Frozen Shoulder - Have You Got It?
08 April 2014
Also known as Adhesive Capsulitis, this is one of the most difficult injuries to treat in the shoulder.
The connective tissue around the shoulder joint becomes inflamed and irritated and thus stiffens up! This makes it painful and very stiff.
The condition tends to hit people out of the blue for no reason. The arm and shoulder will start to get sore and the movement will start to get worse on all planes of motion.
Patients will complain that they can hardly move their arm. Putting the hand to the back of your head is very difficult and sore. Putting your hand up your back is extremely difficult and sore also.
The condition is usually worse in bed at night time. Certain wrong movements can cause extreme sharp pain.
A test that we can do ourselves is to try and lift up the affected arm with our other arm/hand.
You will find that the movement is just as poor and sore compared to when we use the bad arm itself. It reaches a point at which it feels like it gets stuck and it won’t want to go any further.
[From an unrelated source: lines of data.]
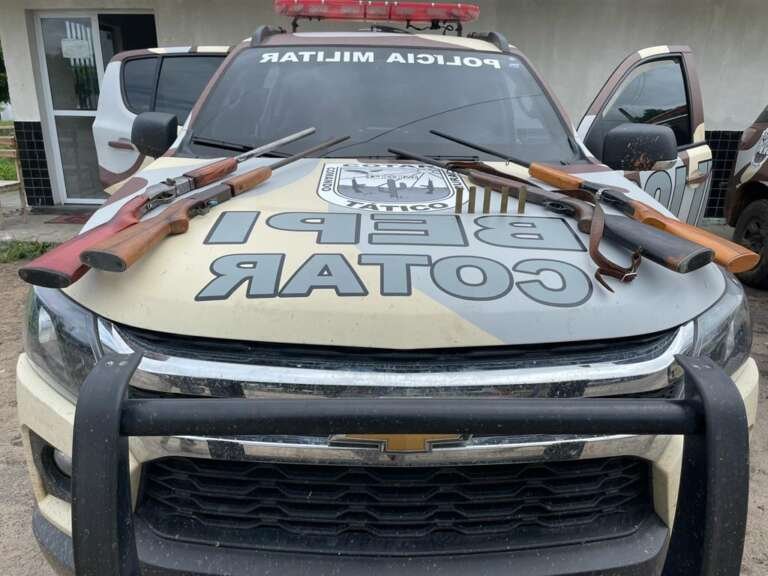 Diante da denúncia, as equipes se deslocaram até o imóvel para averiguar os fatos. Com a autorização do morador, os militares adentraram na casa e comprovaram a informação. Lá, foram apreendidas duas armas. Em uma outra residência em Mombaça apontada pelo suspeito foram encontradas outras duas. No total, foram apreendidas quatro espingardas, sendo de calibres 36, 32, 28 e 12; além de munições.
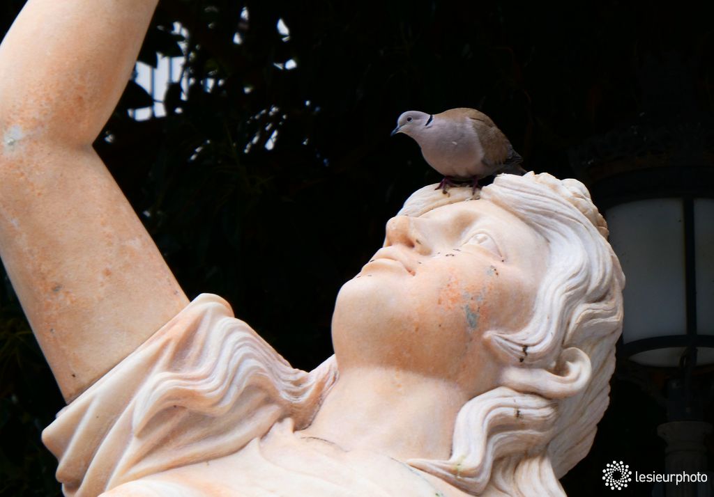 La tourterelle d'Europa. Je suis passé trois fois en une heure pour refaire une photo de cette sculpture sous une autre lumière pour la mettre en valeur. La tourterelle toujours présente.
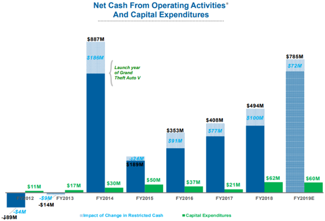 经过2014年《GTA5》的热卖,TTWO的现金保持充盈,通过下图可知,公司经营现金流从2015年以来始终保持上升,而且每年均有5000万左右的资本开支,增强公司经营能力,增加新的盈利模式。
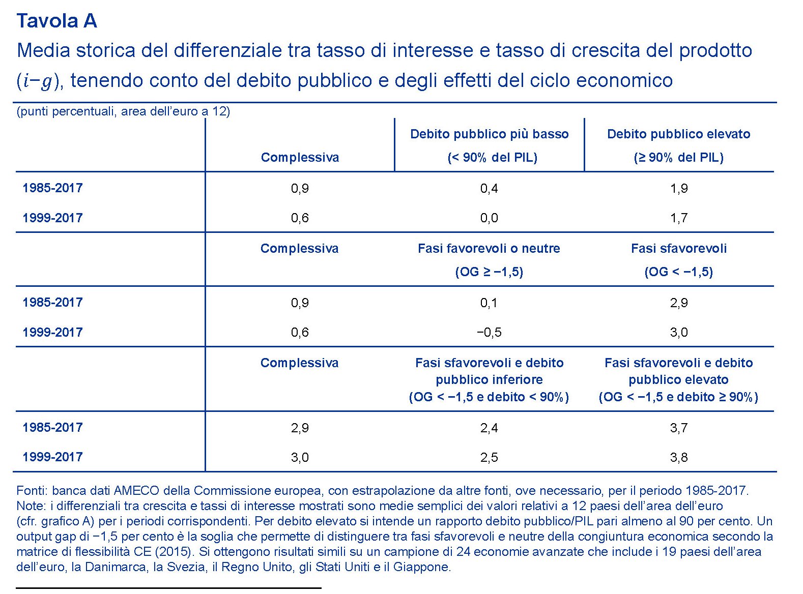 Nel corso di un anno, il debito pubblico di un paese aumenta in gran parte in ragione della somma pagata per gli interessi sul debito accumulato e del disavanzo primario, ossia la spesa in eccesso rispetto alle entrate al netto del pagamento degli interessi. Il cambiamento del debito in rapporto al Pil, di conseguenza, è determinato dal saldo primario e dalla differenza fra tasso di interesse e tasso di crescita. Ciò significa che se il differenziale fra tasso di interesse e tasso di crescita (𝑖 − 𝑔) è strettamente positivo, e quindi pago più interessi di quanto cresco, è necessario che il saldo primario generi un avanzo fiscale per stabilizzare o ridurre il rapporto debito pubblico/Pil.
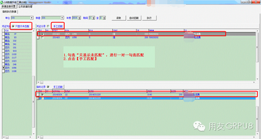 4.自动匹配完成后,勾选“只显示未匹配”,手工对报销单相应凭证进行匹配。

Get the diagnosis confirmed by your GP or some other professional as sometimes the condition may be due to some other condition such as an inflamed joint.
Frozen shoulder is mostly likely to happen in older people mainly over 50 and most likely to women. Those with diabetes are also more likely to get the condition.
Can it be helped?
It can be but it is a very difficult injury to treat. It can be more easily helped by physiotherapists and soft tissue therapists in the early (freezing) and latter stages (thawing).
Once the shoulder has froze as such, it is very difficult to treat. This is where your GP can offer more help such as an anti-inflammatory and pain killers. He may also refer you on to get corticosteroid injections into the shoulder. In severe cases, surgery may need to be looked into.
Expect that the condition may take up to 18 months for it to heal even with treatment.